Now, let's build a grammar that sits in the current directory:

$ a4.7 -o /tmp/build B.g4
$ tree /tmp/build
/tmp/build
├── B.tokens
├── BBaseListener.java
├── BLexer.java
├── BLexer.tokens
├── BListener.java
├── BParser.java
└── src
    └── pkg
        ├── A.tokens
        ├── ABaseListener.java
        ├── ALexer.java
        ├── ALexer.tokens
        ├── AListener.java
        └── AParser.java

Finally, if we don't specify the output directory, it paid attention to the relative path specified on the input grammar:

$ a4.7 src/pkg/A.g4
$ tree
.
├── B.g4
└── src
    └── pkg
        ├── A.g4
        ├── A.tokens
        ├── ABaseListener.java
        ├── ALexer.java
        ├── ALexer.tokens
        ├── AListener.java
        └── AParser.java

Example for the output directory (4.7.1 with -Xexact-output-dir)

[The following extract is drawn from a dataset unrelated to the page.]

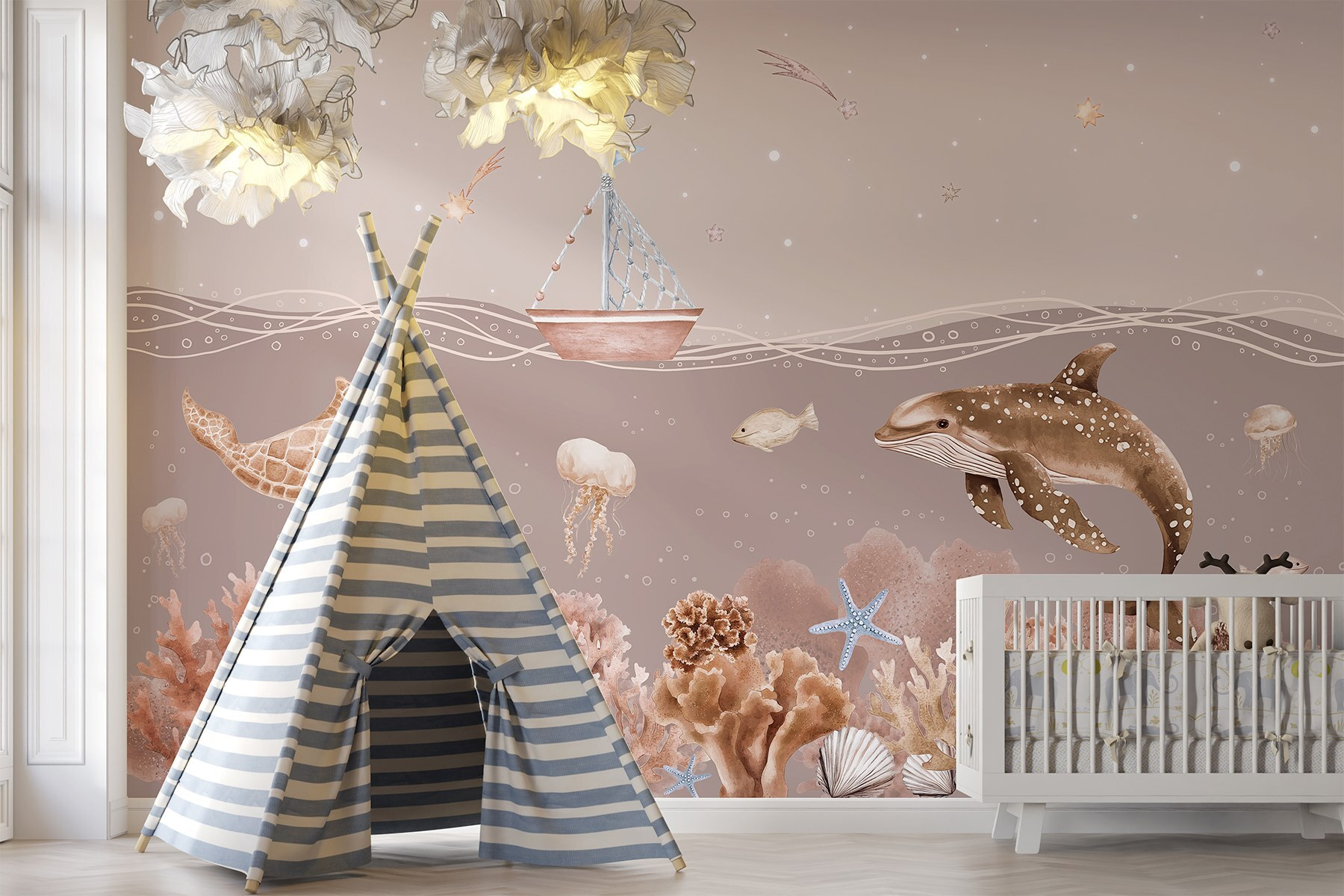 Immergetevi in un mondo di fantasia con questo splendido murale, “Sea Life with a Boat and Fish”. Immaginatevi una dolce barca a vela che naviga al di sopra di una giocosa fauna marina che sembra quasi reale. È come un’avventura subacquea segreta proprio nel vostro salotto! Immaginate i bambini (o gli adulti!) che sognano storie sottomarine mentre guardano le tartarughe, le meduse e i vivaci coralli. Questo murale conferisce un’atmosfera calma e marina a qualsiasi spazio e aggiunge un tocco di allegria. Perfetto per case, asili nido o ovunque sia necessario un tocco di magia oceanica. Chi non sorriderebbe di fronte a questa scena allegra?

Now, the output directory is the exact directory where output is generated regardless of relative paths on the grammar

$ cd /tmp/parrt
$ a4.7.1 -Xexact-output-dir  -o /tmp/build src/pkg/A.g4
$ tree /tmp/build
/tmp/build
├── A.tokens
├── ABaseListener.java
├── ALexer.java
├── ALexer.tokens
├── AListener.java
└── AParser.java

If you use the package option, it still does not change where the output is generated if you use -o

$ a4.7.1 -Xexact-output-dir -package pkg -o /tmp/build src/pkg/A.g4
$ tree /tmp/build
/tmp/build
├── A.tokens
├── ABaseListener.java
├── ALexer.java
├── ALexer.tokens
├── AListener.java
└── AParser.java

4.7.1 does however add the package specification into the generated files:

$ grep package /tmp/build/A*.java
/tmp/build/ABaseListener.java:package pkg;
/tmp/build/ALexer.java:package pkg;
/tmp/build/AListener.java:package pkg;
/tmp/build/AParser.java:package pkg;

Compare this to 4.7:

$ a4.7 -package pkg -o /tmp/build src/pkg/A.g4
beast:/tmp/parrt $ tree /tmp/build
/tmp/build
└── src
    └── pkg
        ├── A.tokens
        ├── ABaseListener.java
        ├── ALexer.java
        ├── ALexer.tokens
        ├── AListener.java
        └── AParser.java

Example of where it looks for tokens vocab

In 4.7, we got an error for an obvious case that should work:

$ cd /tmp/parrt
$ tree
.
└── src
    └── pkg
        ├── L.g4
        └── P.g4
$ a4.7 -o /tmp/build src/pkg/*.g4
error(160): P.g4:2:21: cannot find tokens file /tmp/build/L.tokens
warning(125): P.g4:3:4: implicit definition of token A in parser

In 4.7.1 it looks in the directory containing the grammars as well:

$ a4.7.1 -o /tmp/build src/pkg/*.g4
$ tree /tmp/build
/tmp/build
├── L.java
├── L.tokens
├── P.java
├── P.tokens
├── PBaseListener.java
├── PListener.java
└── src
    └── pkg
        ├── L.java
        └── L.tokens